Solderpunk has explained the issues with specifying a safe subset of HTML, the article has been linked elsewhere in this thread. If you don't want to use a Gemini browser to access it, you can use this link: https://portal.mozz.us/gemini/gemini.circumlunar.space/users...

This would seem to be a similar sort of issue to when people say "come chat on IRC", or use a mailing list to communicate about a project, or whatever else - you're not going to use those if all you ever want to use is a web browser. And that's ok in my book. I'll hang out with the people who do want to use those tools.

Except, of course, that there are IRC clients accessed through browsers, mail through browsers, Usenet through browsers... so you don't actually exclude people that way.

If Gemini catches on, someone will write an add-on for Firefox that reads it. And then it's just part of the Web that is fast and looks a little different.

And that link is a long-winded way of saying "It's good to put an artificial barrier in the way."

When you want to create a space that is qualitatively different from its surroundings, it is good to put an artificial barrier in the way.

There's actually already portal.mozz.us as well as proxy.vulpes.one, both of which are Gemini "portals" ala gopher.floodgap.com. I actually began to try and write an addon to open gemini:// links in Firefox based on Overbite, but I couldn't figure it out (and I'd have to change the gemini protocol to something like gemini+web, due to Firefox limitations).

Just because you can do that, does not make it part of the Web -- it's still a different space. Those portals are basically web-based clients to the protocol, which means they're still bound by the rules of the protocol -- they're not going to have JS in them, for example.

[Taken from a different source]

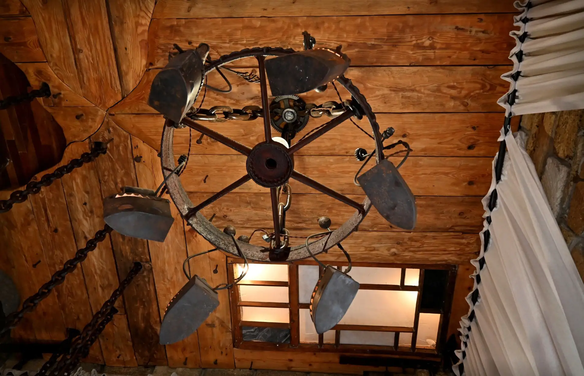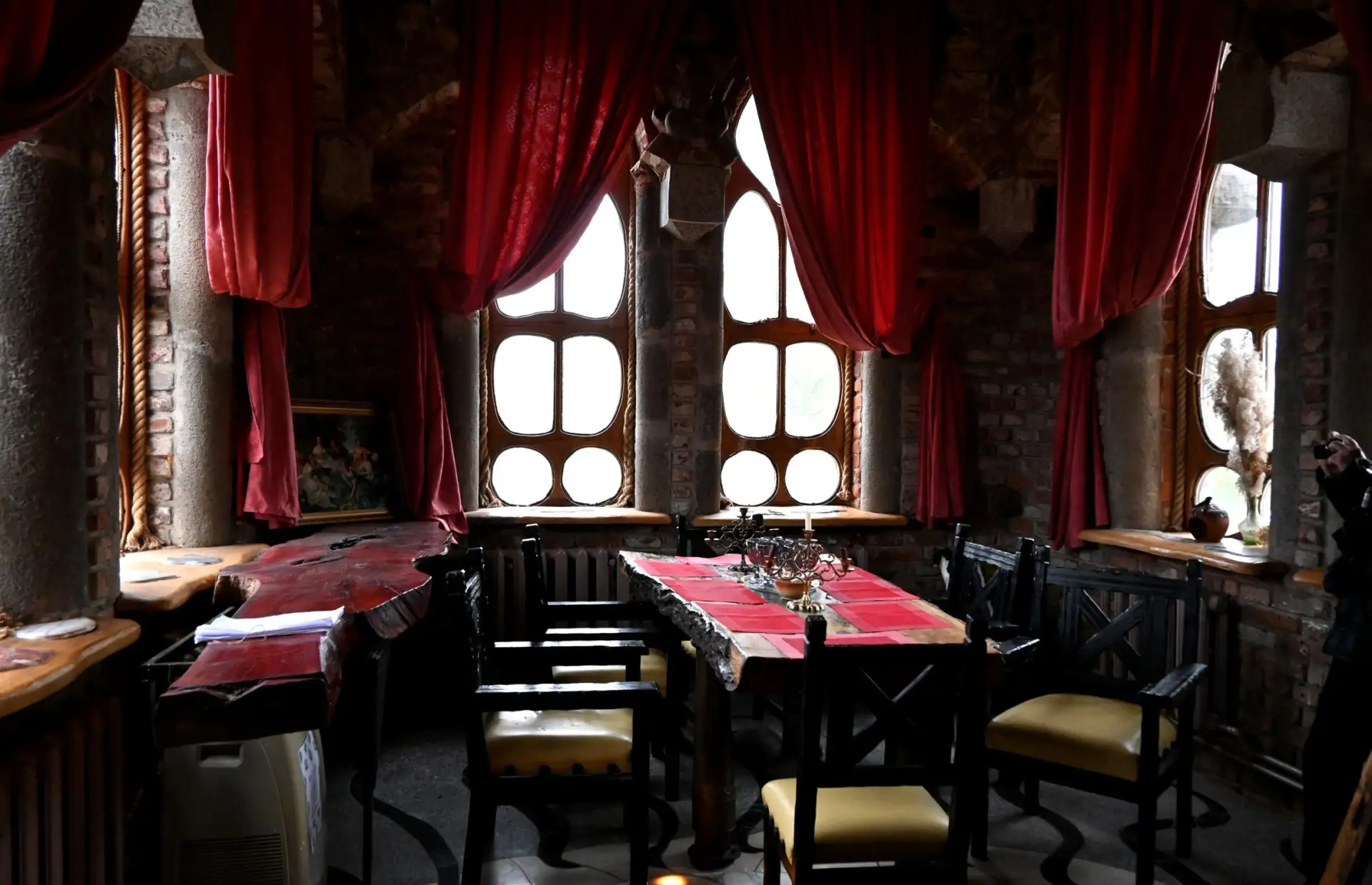 Уникальные каменные и деревянные интерьеры, полностью выполненные вручную, созданы в каждом помещении замка и поражают воображение всех гостей. Для отделки здесь везде использовались исключительно природные материалы.

Hey, I just want to jump in here as a counterexample to your argument -- I came into Gemini from "beyond the community." I was a standard web user; I found out about gemini from another discussion on HN or Masto or somewhere and jumped in, and now I absolutely love the community I joined.

So it's absolutely become adopted beyond its beginning community.

If think what the parent is trying to say is; if this protocol is a subset of of we have today with HTTP and HTML, why not to create more of a political movement cheering for this subset to be use, the same way Google does with AMP?

On the technical side of things, it looks like its an old battle replayed with older weapons, just to get go through the same path of HTML. "Oh, but we will not put more features". Ok, but people wont use it then because they can also serve text, markdown, etc... and can chill out, because they know if later they need to serve images, videos or graphics, they can do it with HTML.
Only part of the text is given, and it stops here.